An immigration judge has granted bond for Edwin Leonel Reyes-Guillen, who was taken into custody last week at Duke Manor apartments while a U.S. Marshals Service task force was searching for a different man wanted for murder.
Reyes-Guillen’s attorney, Beckie Moriello, says Judge Theresa-Holmes Simmons awarded a $10,000 bond after a hearing in Charlotte this morning.
Reyes-Guillen has been in custody since Tuesday, first in the Forsyth County Jail in Winston-Salem and then in the York County Jail in South Carolina. Immigration and Customs Enforcement has said that Reyes-Guillen ran from officers who were unsure at the time if he was the fugitive they sought. It was his first encounter with ICE, spokesperson Bryan Cox confirmed.

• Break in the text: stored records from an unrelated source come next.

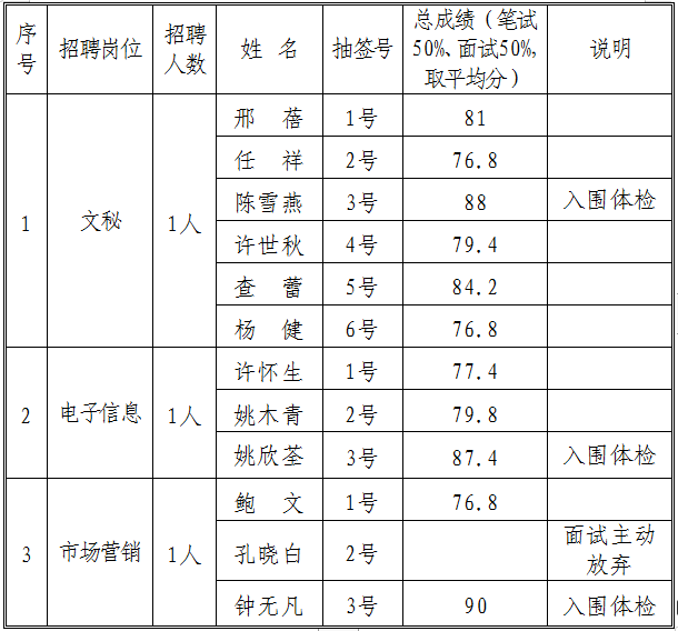 現(xiàn)將交投集團公司文秘、電子信息、市場營銷崗位招聘體檢入圍人員名單公示如下:
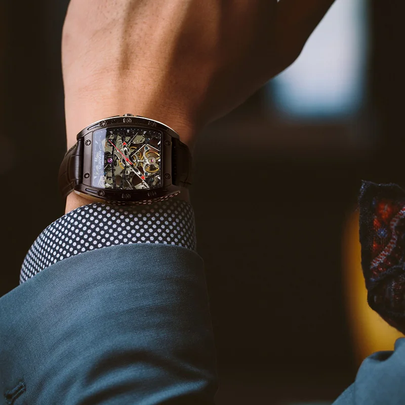 Reloj hombreFashion Tonneau Skeleton Watch For Men
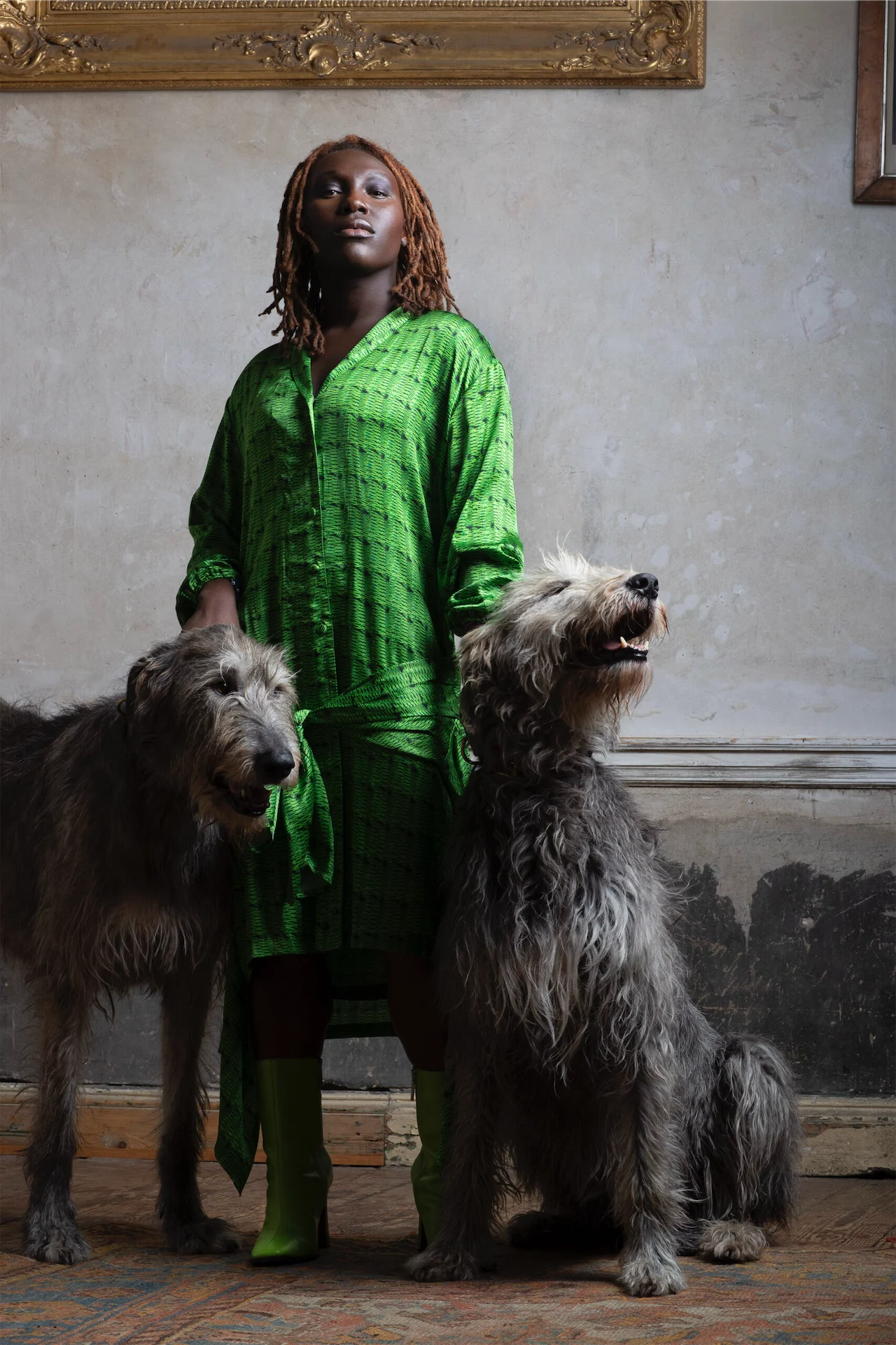 “I wanted Anne Devlin portrayed by someone that I felt had two parts to them. We chose Felispeaks, as I felt as a poet she had a great voice in herself, but I loved that idea of Felicia being the voice of the new generation of Irish and a new powerful voice for Black and Irish. With Felicia we shot her with two Irish Wolfhounds, as Anne Devlin was buried with Wolfhounds on her grave as a sign of loyalty to Robert Emmet. We dressed her in Helen Steele, with strong green tones to represent that new Irish voice.”

Moriello said it is likely that Reyes-Guillen will be transferred to the Irwin County Detention Center in Ocilla, Georgia, before his bond is posted. The detention center, which has held immigration detainees since 2010, is government-owned but privately operated by LaSalle Corrections.
If Reyes-Guillen makes bond, he can return to North Carolina and will have his next court date in Charlotte. If he does not post bond, his case would be handled in the notoriously tough Atlanta immigration court.
Moriello said the $10,000 bond is “high for someone without a criminal record.”
“The judge focused on the fact that he allegedly struggled with police,” she said. “She said it would’ve probably been $5,000 if not for that.”
Moriello said she plans to file a motion to suppress evidence the Department of Homeland Security introduced this morning claiming that Reyes-Guillen admitted to officials on Tuesday that he is from Honduras. Moriello is not admitting that Reyes-Guillen is a foreign national, meaning the government will have to prove that he is before he could be deported.
She said a motion to suppress evidence is “very difficult to win” regardless of which court hears it.
Moriello also had the opportunity to give the judge letters of support on behalf of Reyes-Guillen, but his family was “too scared.” She was able to present a letter from Reyes-Guillen’s girlfriend, who has been a legal resident since 2009, after assuring her her green card would not be taken away.
“This is what ICE is doing to people,” she said.